Each village used to have a shared public space which was common property accessible to all, even to the lowly. All matters, small and big, related to community life were put up and discussed. Routine small talk was an indulgence. Reciting folk-tales and classical poetry was part of the cultural tradition. Remember what Waris Shah says about his magnum opus? “Friends came and proposed to me, let’s make Heer’s love anew…/ Sitting in the assemblies of friends, relish of Heer’s love imbue”. Where would friends assemble? The assembly point cannot be other than a shared public space where people would gather together. It’s here at a public space where one would hear the dulcet voices of singers.

When legendry Mirza’s mother receives the terrible news that her young son has been killed by Sahiban’s brothers, this is what poet Hafiz Barkhurdar says about the wailing mother; “Wanjal Khan’s wife walked to the Dara [a public space] and cried out in pain: “You Rahmun, the son of Ilyas, [look at your] beard and the turban”. She exhorts her tribal chief to be equal to the challenge. The beard and turban are symbols of his being the leader. But the place, where he is found, is again a shared public space. So historically our urban life shows signs of regression to its primitive phase as it has eliminated the old shared open spaces which were used to be open to all without fear or favour. This has something to do with the dominance of successive dictatorial regimes in our history. The role of dialogue in public spaces is crucial for the development of democratic institutions, argues Amartya Sen in his “The Argumentative Indian”.
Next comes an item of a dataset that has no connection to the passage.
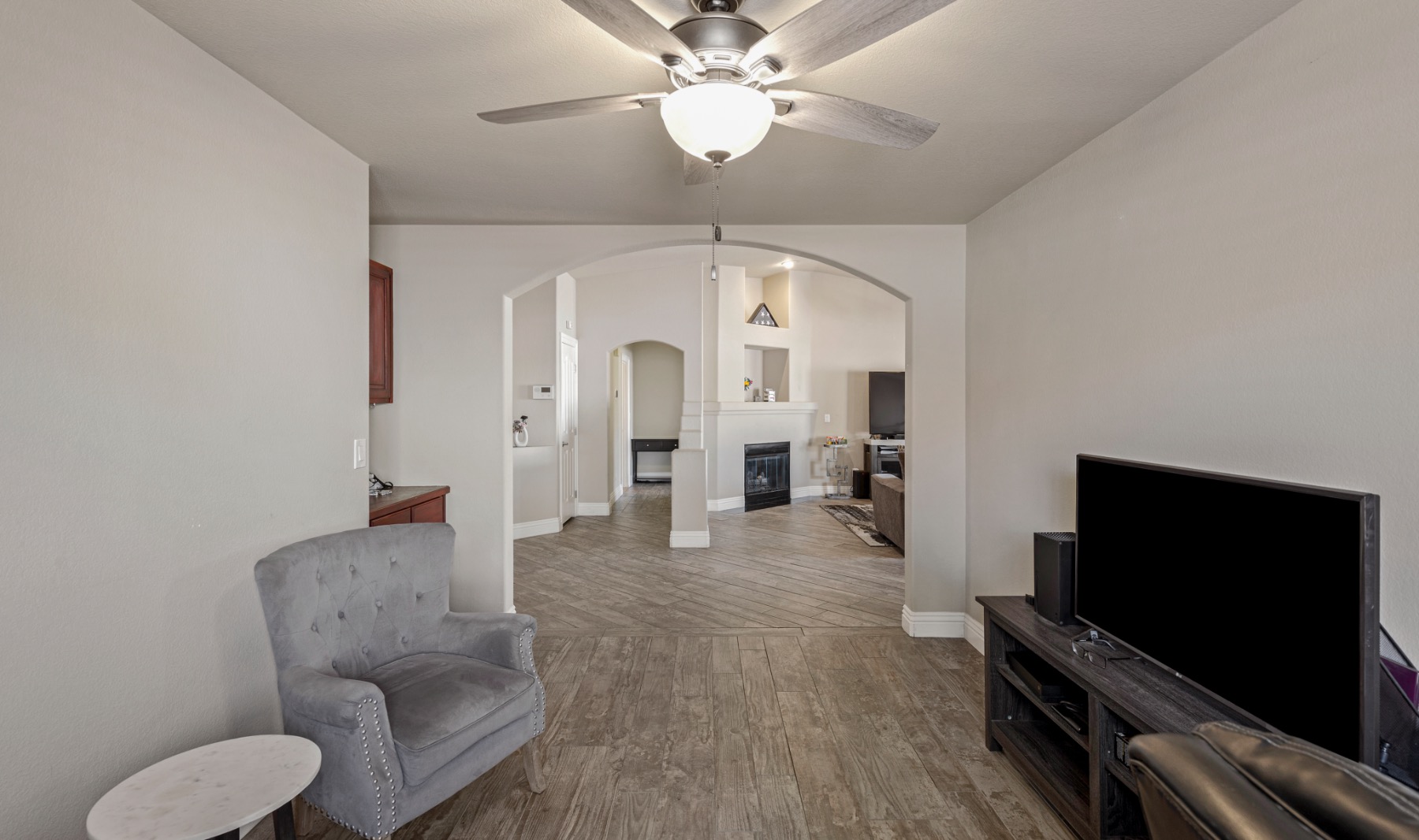 Enjoy a Den with Ceiling Fan and Built in Cabinets for Storage

Another important feature of city life is the availability of public toilets which are conspicuous by their absence in our urban centres. Our cities seem to assume that they can function with no regard for the bodily functions of their dwellers. Underlying assumption on the part of our city planners is that residents when out of their homes never feel the need to urinate and defecate or they expect them to carry their own portable toilets. Or they think that the residents don’t leave their homes at all. Ordinary mortals especially the working class, women and visitors from outside are hit hard by the absence of public toilet facilities. That’s why our cities stink. Men pee in open unmanned spaces. The city planners have created this stinking mess and they must take responsibility. The stench perhaps never reaches their manicured lawns. Thus the indifference! But about women who go out? They can’t make a vulgar show of their bodily functions. When out of home or traveling in the city, they are forced to hold their urine for long which causes urinary tract infections and damages kidneys. One can never realise the gravity of the situation if they aren’t women. Let our women be praised for their immense patience.

Public lavatories, small in number anyway, are more like cesspits, and using them means inviting deadly infections. If you succeed in avoiding the risk of bladder bursting by using a pubic lavatory, you risk being killed by deadly bacteria.

A city that cannot protect and promote the physical health and intellectual growth of its residents needs to be built anew. And this exactly what the poet Brecht says: “I knew that cities were being built/ I haven’t been to any/ A matter of statistics, I thought, not history / What’s the point of cities, built without people’s wisdom”?